Prompting != Learning
Table of Contents
This is probably a follow-on after the AI (Code) Assistants post.
As I spend more time and focus on Generative AI products and adoption beyond software engineering use cases, I’ve noticed a concerning trend, especially among Generation Z professionals: they’re sacrificing crucial foundational learning (“apprentice mode”) by adopting Generative AI tools too early. LLMs provide instant, above-average answers, but do not add real, persistent experience to their skillset in the long run.
Conventional Learning Paths
In fields like Medicine, you typically study for about 8 years, shadow experienced professionals, practice under supervision, complete multi-year specialization, and then you’re ready to start.
Other careers, such as software engineering, rely more on experiential learning where mistakes rarely threaten lives (unless you’re building software for self-driving vehicles, rockets, or medical devices). Some complete 2-5 years of formal education. Others are entirely self-taught. Great software engineers come from anywhere (including nowhere). Unfit professional software engineers could also be an Ivy League graduate.
It’s positive that LLMs are challenging how schools and universities grade their students. High-quality content is freely available, communities of practice flourish, and knowledge acquisition follows multiple valid paths. Centuries-old educational institutions no longer monopolize knowledge. In the past, people were graded by how much knowledge they retained (and tools like a simple calculator were prohibited). Now the focus would shift towards how effectively a person, augmented by AI, applies knowledge to real-world challenges.

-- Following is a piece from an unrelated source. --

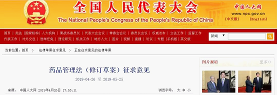 4月26日下午,中国人大网发布“药品管理法(修订草案)征求意见”,征求意见日期为4月26日-5月25日。

Human neurons beat neural networks
Current LLMs can already pass professional exams and they’re getting more capable and cheaper every other week.
Scientists are still learning about the human brain and neurons. Some argue the brain functions more like an analog device than a digital one. Others suggest it combines analog and digital characteristics with quantum dynamics. Neurons create new connections on a daily basis. Serendipity is more than a fancy word. When humans interact with other humans (and their environment), new knowledge emerges. That’s not true with the current generation of LLMs –– they absurdly hallucinate instead.

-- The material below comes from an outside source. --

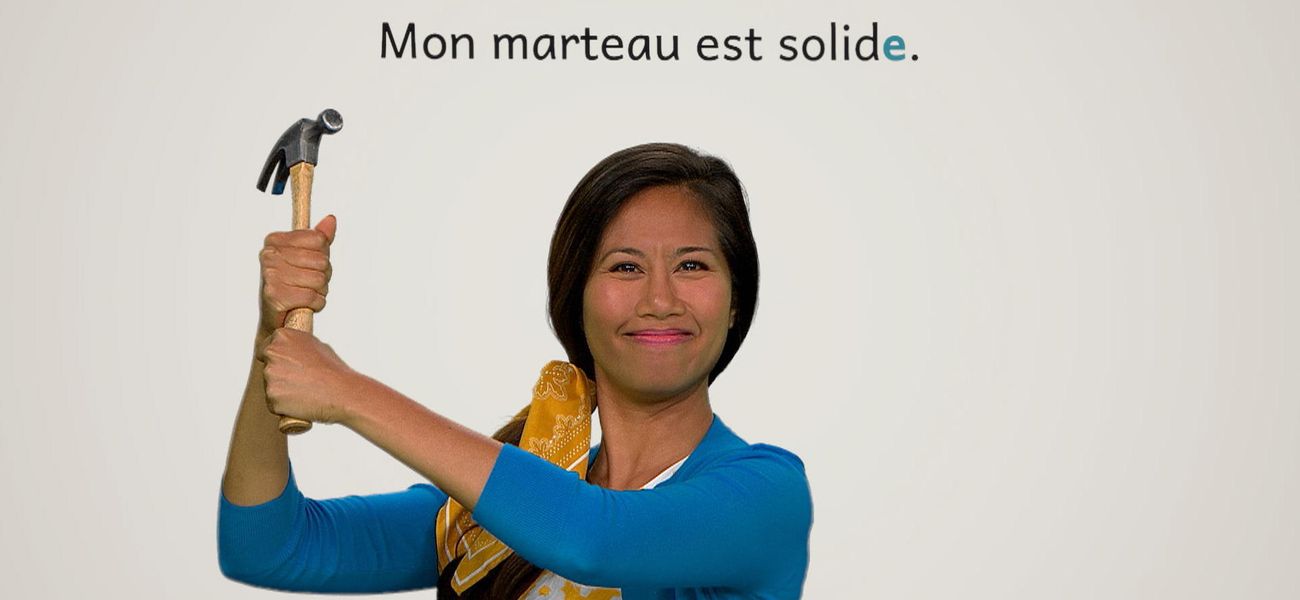 The featured adjective in this episode is: *solide*. Christopher holds a solid hammer and Alice has a solid ball; both are solid with an S. They realize that the adjective 'solide' takes the plural mark, but remains the same in the singular!

When you’re on “apprentice mode” you’re forming your very own new neuronal connections. You grasp fundamentals by doing, failing, and trying again. Malcolm Gladwell popularized the 10,000 Hour Rule in his excellent 2008 book Outliers. Though this concept sparked debate (with some rejecting it entirely), please remember: LLMs won’t transform you into an expert instantly, regardless of how impressive their outputs seem. Their summaries might help you pretend to understand something you really don’t. They might suffice when explaining concepts to novices but they’ll likely embarrass you in front of real experts.
My approach to learning in an AI-first world
As we increasingly encounter forward-looking statements like “AI-first” and “post-agentic era” alongside doomsday prophecies about AI replacing humanity, I prefer biological reality: Humans dominate Earth and all other species. Humans have enough power to trigger mass extinction events with the press of a button. Most of that power comes from learning, curiosity, and challenging the status quo.

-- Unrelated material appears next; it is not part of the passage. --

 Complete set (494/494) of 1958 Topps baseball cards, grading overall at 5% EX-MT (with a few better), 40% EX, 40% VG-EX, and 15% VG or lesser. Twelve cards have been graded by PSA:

Halfway through my professional career, I’m confident I’ll learn more in the next 5-10 years than in the previous 20, augmented by AI. Yet I’ll try hard to preserve the learning methods I enjoy the most: reading books and blogs, writing summaries, drawing my own version of “mind maps with box diagrams” and consuming videos and podcasts. I completed about 6 years of formal professional education, including recent “executive education” courses –– and I’m not close to the idea of going back to school if something really attracted me to do so in the future.
Almost a year ago, I began using LLMs to analyze my summaries, writing, and raw notes. The results impressed me. LLMs suggested complementary learning paths (including some creative but completely wrong ones), improved my writing, and made me more thoughtful by observing how a massive non-deterministic algorithm designed to predict tokens one by one boldly pretends to surpass human intelligence.
I started calling it the AI-later approach to learning. And I’m loving it.